After dinner, he returned the food-service cart, with the dirty dishes, to the landing, and buzzed Mrs. Amory to retrieve it.
For an hour, he nursed a second glass of Opus One and paged through Samantha’s novel, spot-reading passages, as other men in a crisis might open the Bible at random and read verses in the hope of receiving divine guidance.
At nine o’clock, he went to the Crestron panel embedded in the wall of the master-suite foyer and accessed the security cameras. He toured all the interior hallways, and when he found every one of them dark, he assumed the Amorys had retired to their private quarters for the night.
On the lowest floor of the house, in the service hall that led to the laundry, he unlocked the storage room that he had visited the previous evening, and quietly closed the door behind him.
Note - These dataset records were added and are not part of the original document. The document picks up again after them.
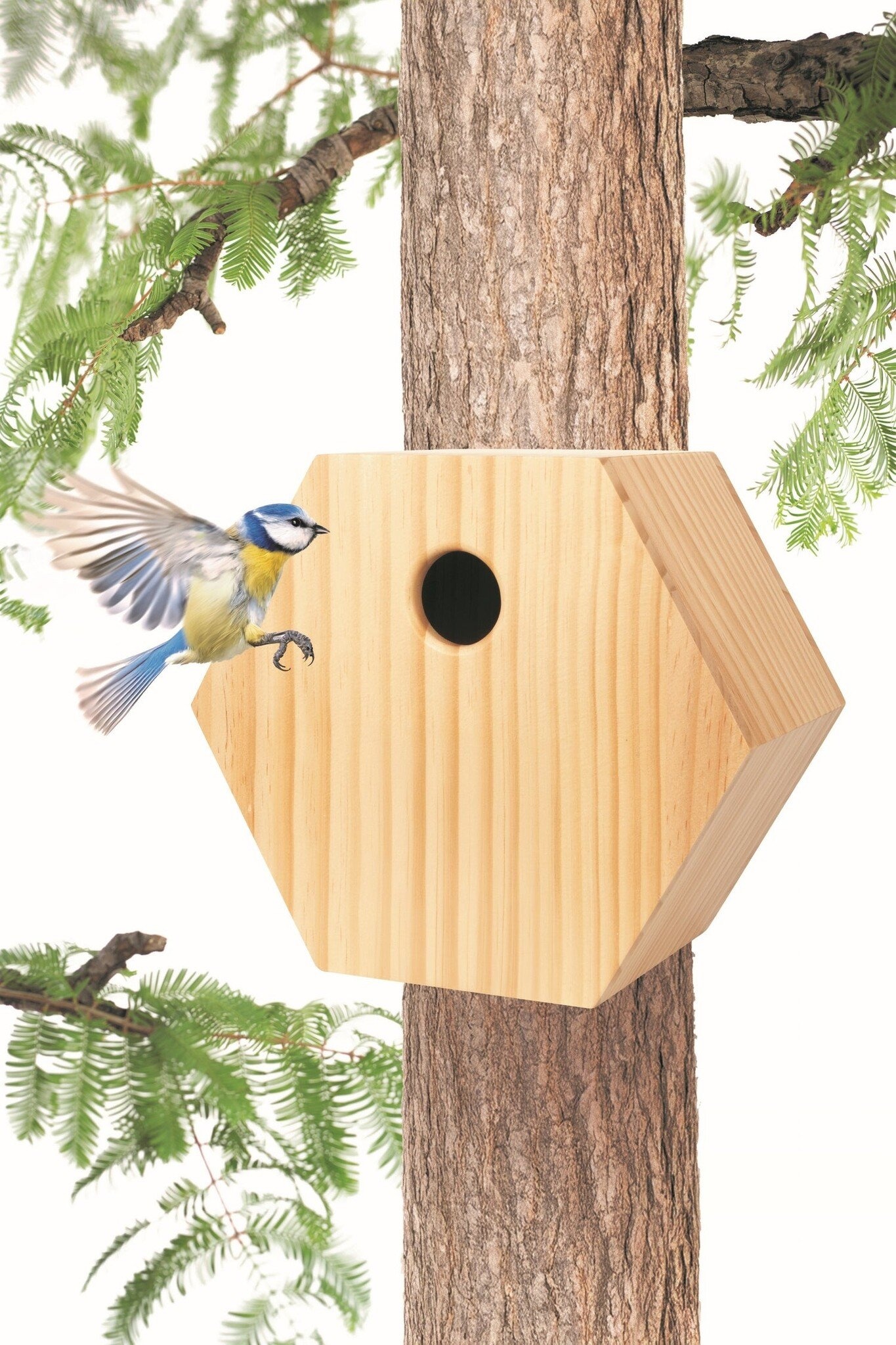 Singing FriendNestkast Levi - Hout - 6-hoek - Vogelhuisje
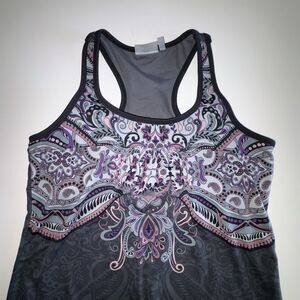 Athleta Gray Purple Paisley Racerback Tankini Swim Top Size Medium
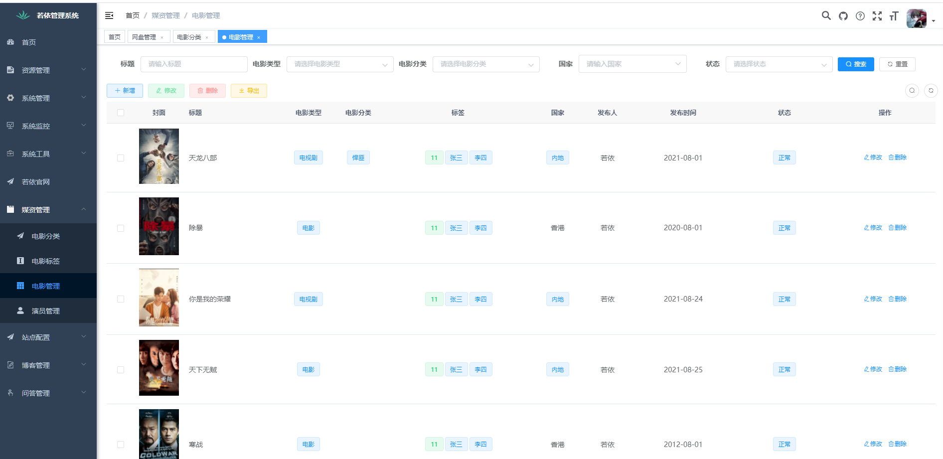 本项目基于vue前、后端分离开源框架打造一款媒资视频电影系统。

He unlocked the tall metal cabinet that contained the security-camera recorders, and he switched on the monitor.
Back then, when he had first reviewed the recording that should have captured the hooded figure in the rain, the phantom’s absence rattled him. At that time, of course, he had not yet been confronted by a switchblade diva, and still had reason to wonder if his outré experiences owed anything to pharmaceuticals.